The Real Work Isn't the Model

Most ML articles skip straight to model selection. That's backwards.

The model is almost the easy part. Training data is where projects die: missing joins, stale records, features computed at the wrong grain. By the time you get to the model, if the data underneath is broken, no amount of tuning saves you.

Start with the foundation.

Our platform runs on a medallion architecture: Bronze (raw ingestion), Silver (cleansed, conformed, joins resolved), Gold (business-ready aggregates). The training layer question matters more than people think.

The Databricks default is Gold. For most analytics, that's correct. But Gold aggregates, and when you aggregate for reporting, you lose the per-customer detail that feature engineering needs.

Bronze is too raw: unjoined records, dirty keys, duplicates. You don't want your training set inheriting those problems.

Silver is the right training layer. It has the complete customer-level picture: sales joined to service records joined to lease terms, all deduped and conformed, but not yet rolled up into summary metrics. That's the grain you need for this problem.

The Features

The features for this model come from the intersection of sales and service history:

What all of these share: they're slow-moving. Lease terms run for years. Service habits don't flip overnight. A customer who's serviced faithfully for four years doesn't go cold in a month.

This is not an accident. Feature velocity shapes everything downstream, especially how often you need to retrain.

Schema Evolution

When new features become available, we don't retrofit the model mid-cycle. We add them to Silver, update the feature pipeline, and let the model see them at the next scheduled retrain. Schema evolution is handled at the data layer, not by breaking production.

AutoML Picks the Model. You Productionize It.

AutoML evaluates candidates: logistic regression, gradient boosted trees, random forests. It picks the winner on performance metrics. We're not running three-week model bakeoffs or hand-tuning hyperparameters.

Logistic regression won. This wasn't a surprise. The features are direct, the relationships are largely monotonic, and explainability matters to dealers. When a dealer asks why a customer is flagged as high-propensity, we can give a real answer with logistic regression. With a gradient boosted tree, the conversation gets harder.

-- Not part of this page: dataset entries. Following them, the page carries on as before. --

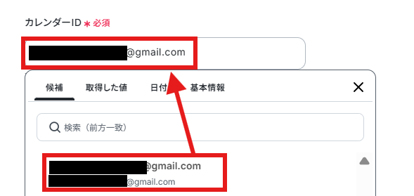 ステップ4と同様に、カレンダーIDを候補から選択します。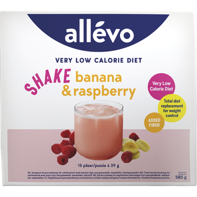 Allévo Shake Banana & Raspberry VLCD är den perfekta måltidsersättningen för viktkontroll. Shaken har ett mycket lågt energiinnehåll, samtidigt som den ger dig tillräcklig mängd näringsämnen. Du kan ersätta alla måltider med Allévo Shake genom att konsumera 5 portioner varje dag, som en kickstart i upp till 8 veckor.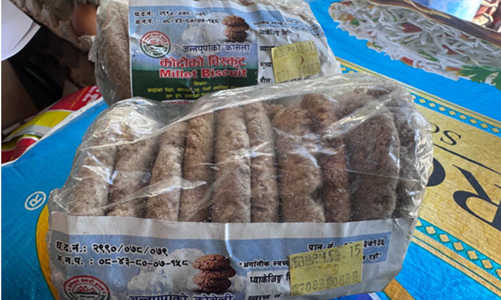 अन्नपूर्ण गाउँपालिका–६ पोखरेबगरको अन्नपूर्ण बेकरी हाउसका सञ्चालक कृष्ण खड्काले उपभोक्ताबाट माग आउन थालेपछि कोदोको बिस्कुट उत्पादन गर्न थालेका छन् । ‘पहिलेपहिले कोदोखेती गर्ने र यसका परिकार उपभोग गर्नेलाई गरिब भनेर हेप्ने चलन थियो,’ उनले भने, ‘स्वस्थकर र पोषिलो कोदोको महत्व बुझेपछि माग आउन थालेपछि मैले पनि बिस्कुट बनाएर बेच्न थालेको छु ।’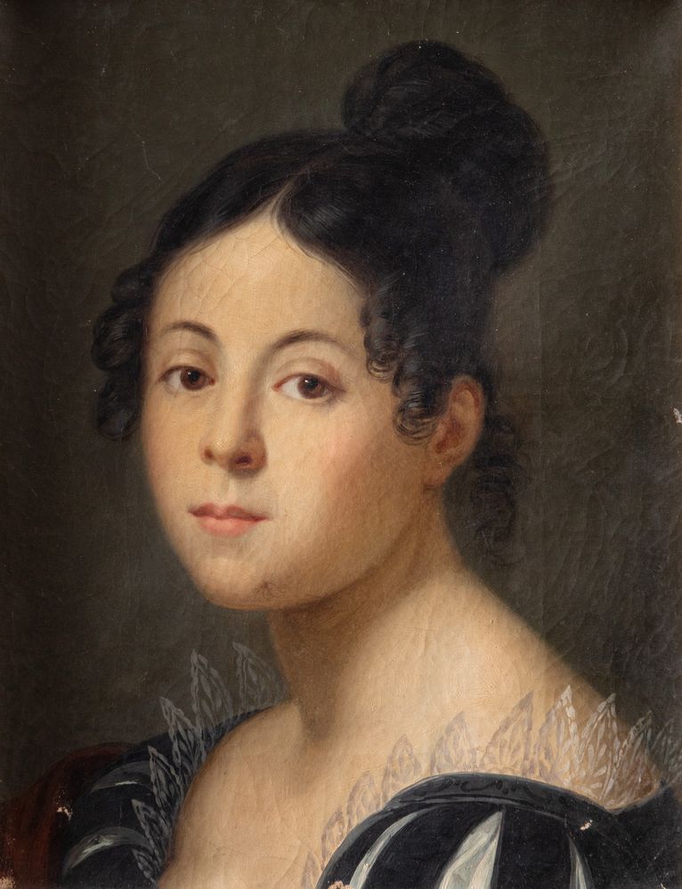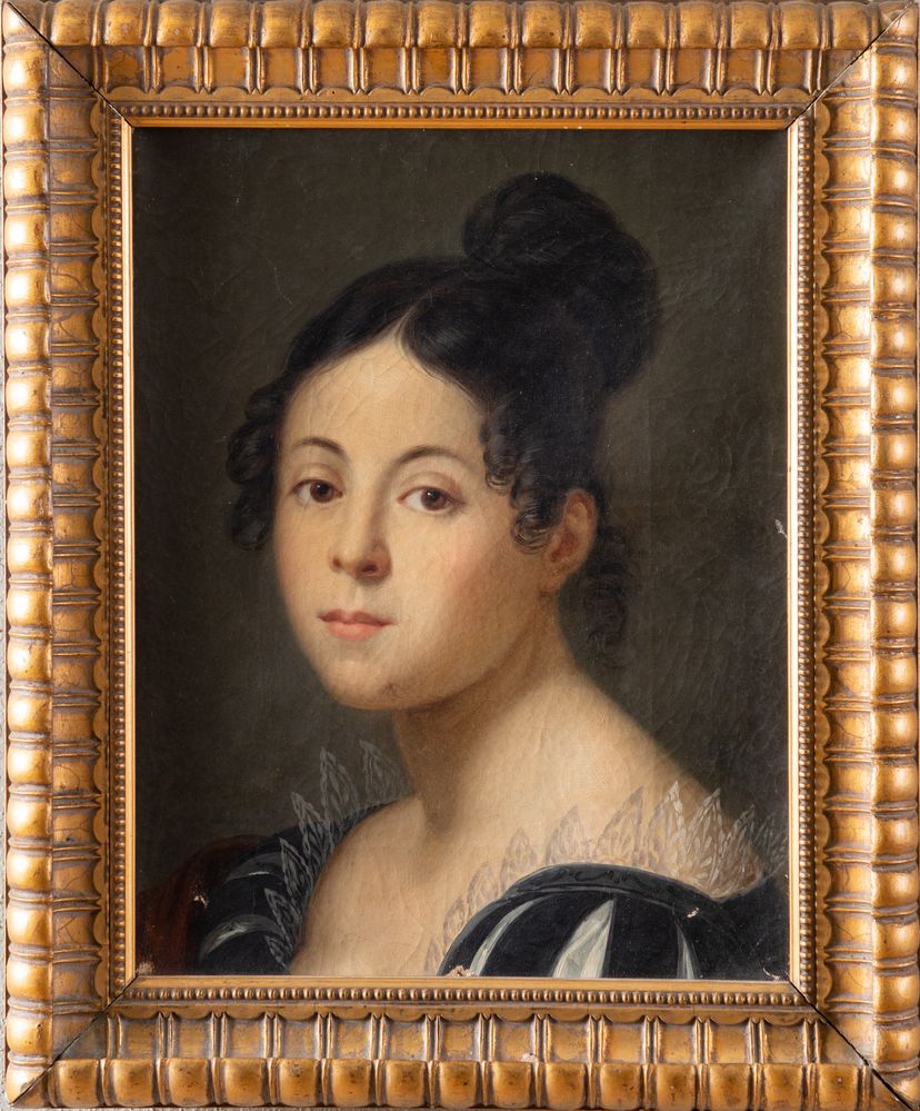 Maestro degli inizi del XIX secolo "Ritratto femminile". Olio su tela. Cm 44,5x33,5.

One domain nuance worth calling out: class imbalance hits the sales model hard. Vehicle purchases are rare events relative to the total customer base, so the class ratio is skewed. Service propensity is a different story: visits are frequent enough that the ratio stays manageable on its own. Treating both models the same way will leave you debugging the wrong problem.

But here's where most ML projects actually die: AutoML produces a notebook. The notebook sits in someone's personal workspace. The model artifact lives in a personal MLflow experiment, not a shared registry. When retraining is due, someone does it manually. Three months later, no one remembers which version produced the current production scores.

We didn't let that happen.

The winning notebook goes to source control. From there: a CI/CD pipeline, a scheduled training job, and the model artifact checked into the MLflow registry.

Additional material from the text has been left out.